Follicular helper T-cells and virus-specific antibody response in primary and reactivated human cytomegalovirus infections of the immunocompetent and immunocompromised transplant patients

Analysis of human cytomegalovirus (HCMV) primary infection in immunocompetent (n=40) and immunocompromised transplant patients (n=20) revealed that the median peak antibody titre neutralizing infection of epithelial cells was 16-fold higher in immunocompromised patients. The mechanism of this finding was investigated by measuring: (i) HCMV DNAemia; (ii) HCMV neutralizing antibodies; (iii) ELISA IgG antibody titre to HCMV glycoprotein complexes gHgLpUL128L, gHgLgO and gB; and (iv) HCMV-specific (IFN-γ⁺) CD4⁺ and CD8⁺ T-cells. Circulating CXCR5⁺ CD4⁺ (memory T follicular helper – T_FH-cells) were identified as activated T_FH (ICOS⁺PD-1⁺⁺CCR7^lo) and quiescent cells. In the early stages of primary infection, activated T_FH cells increased in number. Concomitantly, both neutralizing and IgG antibodies to HCMV glycoproteins reached a peak, followed by a plateau.

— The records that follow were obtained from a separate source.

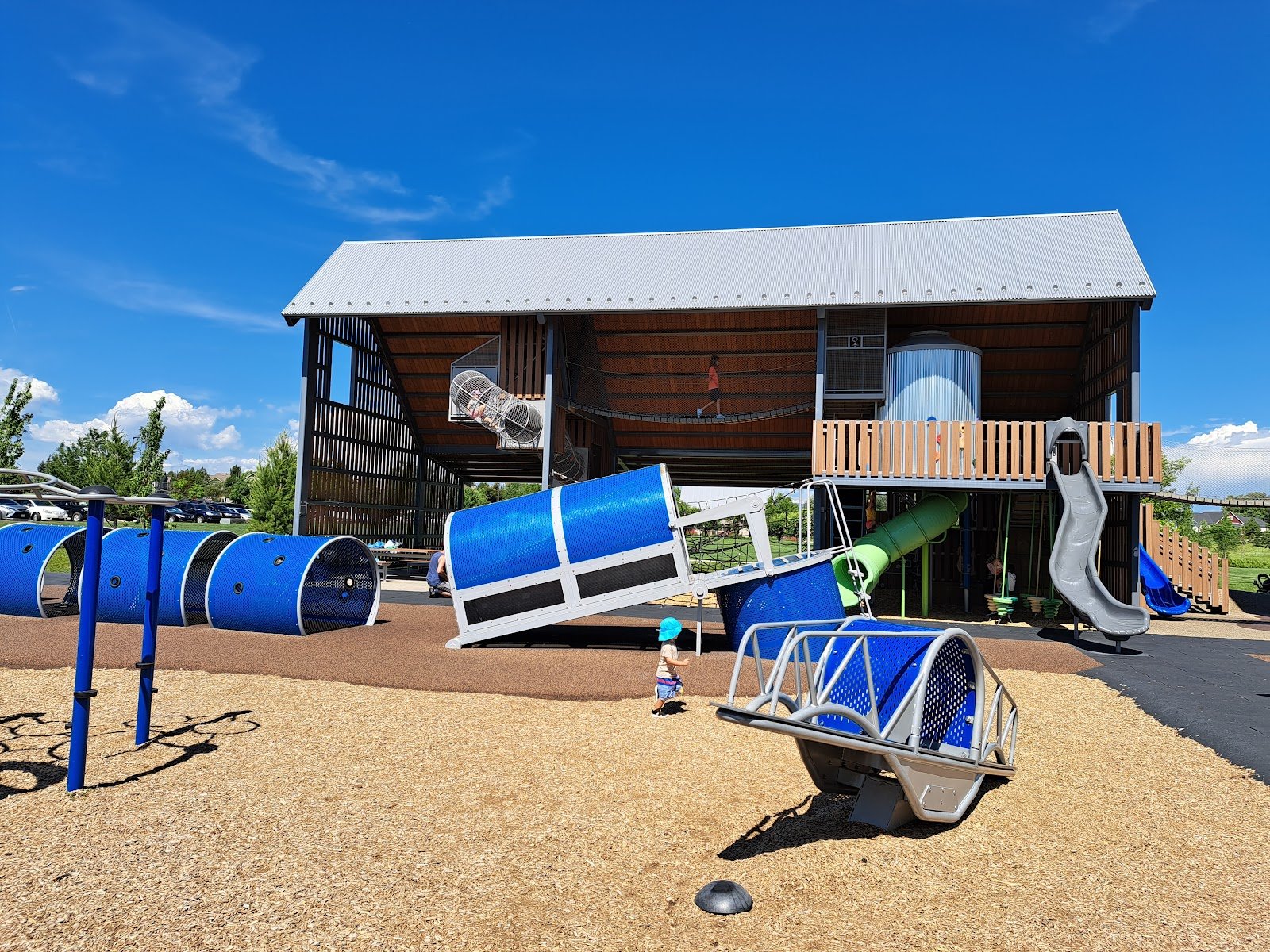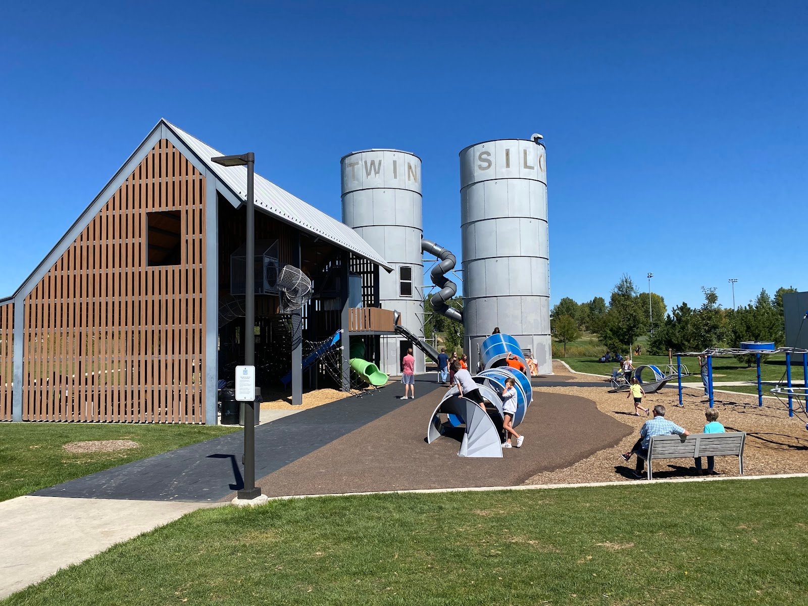 Preteens even enjoy this park as there are LOTS of climbing (up into the silo and all over), a zip line seat, suspension-type walkways, and more.
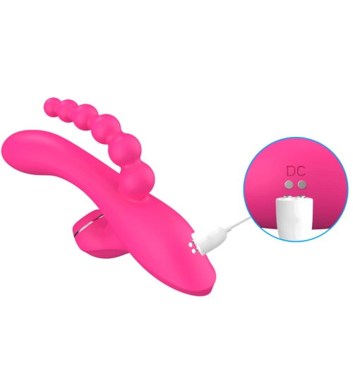 vestavěná dobíjecí baterieMultifunkční růžový vibrátor s análními korálky
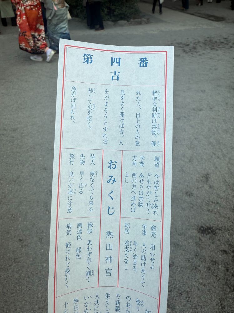 おみくじを引いたところ、今年の運勢はなんと絶妙な吉!

A stop in antibody rise occurred upon appearance of HCMV-specific CD4⁺ T-cells, HCMV clearance and progressive reduction in activated T_FH cells. The main differences between healthy and transplant patients were that the latter had a delayed DNA peak, a much higher DNA load and delayed activated T_FH cells and antibody peaks. Similar events were observed in clinically severe HCMV reactivations of transplant patients. A preliminary analysis of the specificity of the activated T_FH cell response to viral proteins showed a major response to the pentamer gHgLpUL128L and gB. In conclusion, in the absence of T-cell immunity, one of the first lines of defence, during primary infection, is conferred by antibodies produced through the interaction of T_FH cells and B-cells of germinal centres, resulting in differentiation of B-cells into antibody producing plasma cells.